AP Photo/Toby Talbot

In a recent study, the labels dissuaded parents from buying the unhealthy beverages for their kids.

The recent update to the federal Dietary Guidelines for Americans says that less than 10 percent of caloric intake should come from added sugars. That’s a considerable step back from the almost 270 calories that the average American takes in from the sweet stuff each day. Clearly, Americans have got to start cutting back—and the best place to start might be sugary drinks.

As the largest source by far of added sugar in our bellies, they increase the risk for diabetes, heart disease, and gout. That’s in addition to pushing up obesity rates, especially in kids.

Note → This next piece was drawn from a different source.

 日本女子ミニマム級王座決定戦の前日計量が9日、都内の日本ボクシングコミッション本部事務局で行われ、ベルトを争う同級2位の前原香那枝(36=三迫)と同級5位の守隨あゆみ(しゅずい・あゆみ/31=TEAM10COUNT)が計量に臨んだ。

But how to pry Americans away from their beloved soda? A study published Thursday in Pediatrics finds that slapping a tobacco-style warning label on sugary drinks might help steer shoppers away.

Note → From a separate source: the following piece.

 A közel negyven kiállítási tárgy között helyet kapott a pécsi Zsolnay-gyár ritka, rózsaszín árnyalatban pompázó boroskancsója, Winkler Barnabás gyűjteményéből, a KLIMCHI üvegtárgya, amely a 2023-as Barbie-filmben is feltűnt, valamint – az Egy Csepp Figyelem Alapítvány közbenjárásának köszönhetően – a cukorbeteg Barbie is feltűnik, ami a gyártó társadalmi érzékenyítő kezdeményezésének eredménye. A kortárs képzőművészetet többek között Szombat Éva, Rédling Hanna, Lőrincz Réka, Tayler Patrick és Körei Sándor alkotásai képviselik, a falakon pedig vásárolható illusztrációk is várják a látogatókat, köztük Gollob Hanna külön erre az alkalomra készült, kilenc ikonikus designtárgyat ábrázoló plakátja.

The Robert Wood Johnson Foundation commissioned the study, an online survey of nearly 2,400 parents of young children from diverse educational and demographic backgrounds. Parents were asked to select a beverage for their child from a variety of sweetened and unsweetened options. Each participant was randomly assigned to one of six “label conditions”: one where none of the beverages were labeled, another where all drinks had large “calories per bottle” labels, and four variations on warning labels applied only to sweetened drinks with 75 or more calories per 12 fluid ounces.

(Pediatrics)

The researchers found that significantly fewer parents chose a sugary beverage for their child when they’d seen one of the four warning labels (40 percent), compared to those who’d seen no label (60 percent) and those who’d only seen calorie labels (53 percent). Parents who’d seen warning labels also indicated that they believed the products were less healthy for their kids, and that they were less likely to buy them in the future.

"We were surprised that the warning labels had as big an impact as they did," the lead researcher Christina A. Roberto, a professor of medical ethics at the University of Pennsylvania, told NPR. "I think the study shows us that calorie labels aren't terribly effective, and warning labels might have a bigger impact."

There are caveats, of course: Namely, this was an online survey in which the labels were given prominent visual emphasis. In the real world, the labels might not have had such a significant effect on parents. Additional research is needed to know for certain—and to better understand how labels might impact the decisions of children themselves.   

But in the U.S., where more than a third of the population is obese, putting warning labels on sugary drinks may be a way forward for a public health challenge that can seem intractable. Baltimore officials proposed such a law on Monday, and legislators in New York and California are working on similar state-wide measures.